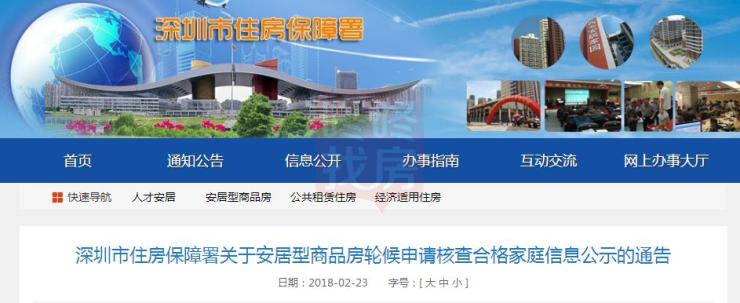 深圳市住房保障署2018年1月23日,发布《关于安居型商品房轮候申请核查合格家庭信息公示的通告》,本次对2017年1月1日至3月31日受理的8709户安居型商品房轮候申请家庭(含单身居民,下同)进行了核查,合格家庭共8179户。
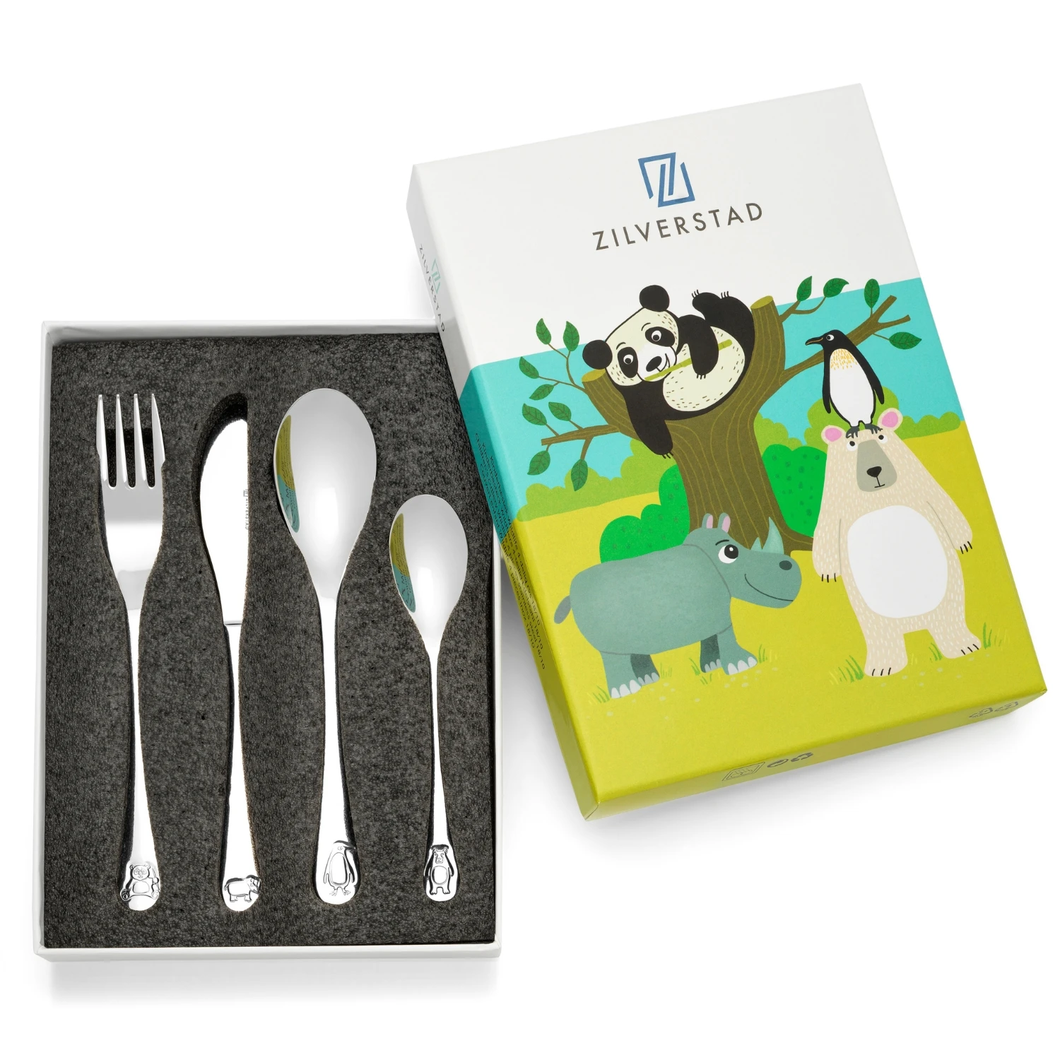 Dit Zilverstad kinderbestek is versierd met de leukste wilde dieren, en welk kind wordt daar niet blij van? Op het mes staat een schattig neushoorn, de vork heeft een vrolijke pandabeer, de grote lepel is versierd met een pinguïn en op het kleine lepeltje staat een schattig beertje. Dit vrolijke bestek zorgt zeker voor blije gezichten aan tafel!
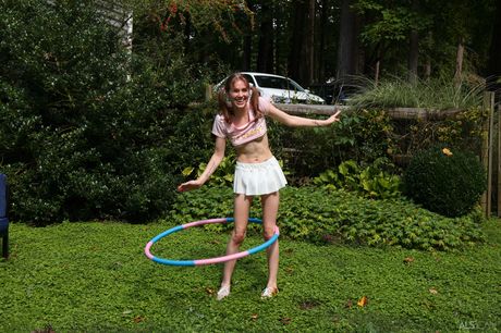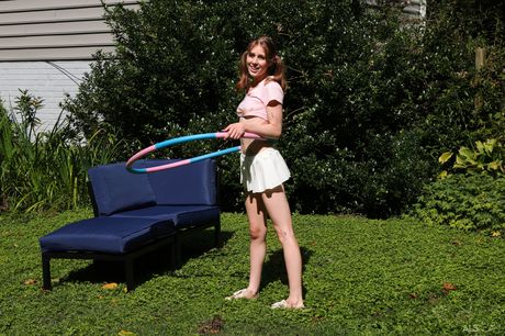 Delicate teen Fiona Sprouts toys her pussy with a glass dildo in the backyard

> _WORK TO COMPLETE_: When you find the line that contains "Dit Zilverstad kinderbestek", retype it and every line after it through the end of the data above, exactly, with no pictures.

> _RESULT OF THE TASK_:
 Dit Zilverstad kinderbestek is versierd met de leukste wilde dieren, en welk kind wordt daar niet blij van? Op het mes staat een schattig neushoorn, de vork heeft een vrolijke pandabeer, de grote lepel is versierd met een pinguïn en op het kleine lepeltje staat een schattig beertje. Dit vrolijke bestek zorgt zeker voor blije gezichten aan tafel!
 Delicate teen Fiona Sprouts toys her pussy with a glass dildo in the backyard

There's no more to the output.